# What you have to do
Take the lines from the head of the listing through the one bearing "- Mix on high" and copy them exactly, leaving every picture out.

# Data excerpt
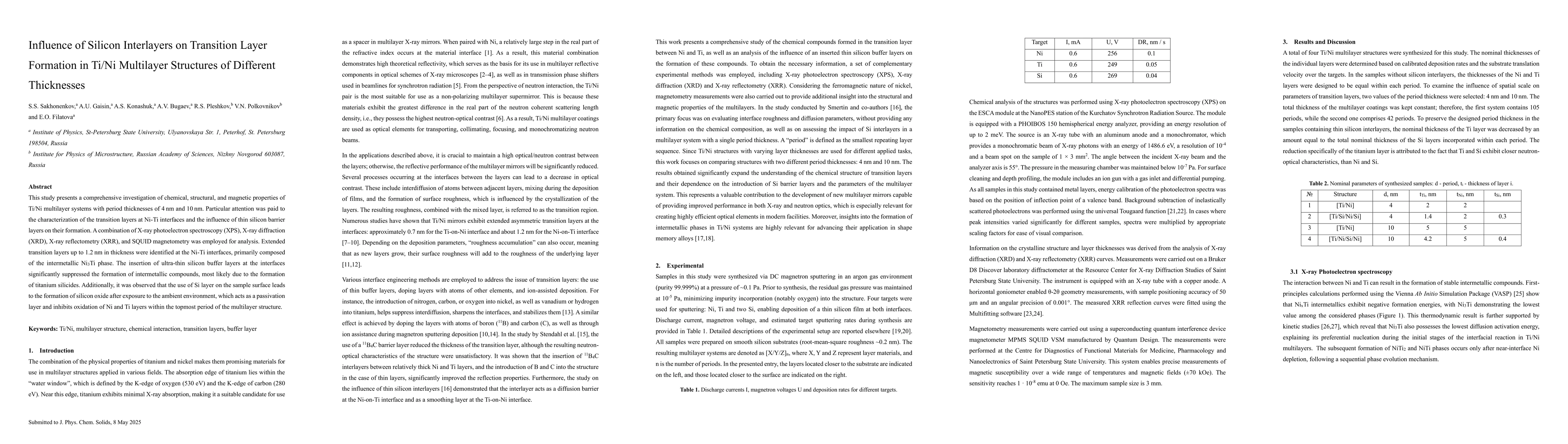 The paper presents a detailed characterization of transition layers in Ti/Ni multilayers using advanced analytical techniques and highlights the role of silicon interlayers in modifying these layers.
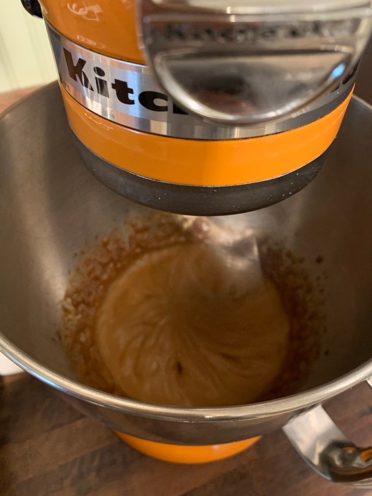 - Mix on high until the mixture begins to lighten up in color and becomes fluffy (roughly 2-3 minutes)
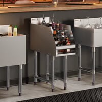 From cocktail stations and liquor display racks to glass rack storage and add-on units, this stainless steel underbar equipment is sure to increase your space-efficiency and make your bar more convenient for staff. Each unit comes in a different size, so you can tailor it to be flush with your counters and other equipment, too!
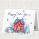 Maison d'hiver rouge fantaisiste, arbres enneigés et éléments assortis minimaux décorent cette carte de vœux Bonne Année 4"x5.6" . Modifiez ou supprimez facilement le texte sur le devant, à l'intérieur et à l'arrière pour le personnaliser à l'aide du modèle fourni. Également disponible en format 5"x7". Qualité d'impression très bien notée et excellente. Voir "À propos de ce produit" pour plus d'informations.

# Task solution
 The paper presents a detailed characterization of transition layers in Ti/Ni multilayers using advanced analytical techniques and highlights the role of silicon interlayers in modifying these layers.
 - Mix on high until the mixture begins to lighten up in color and becomes fluffy (roughly 2-3 minutes)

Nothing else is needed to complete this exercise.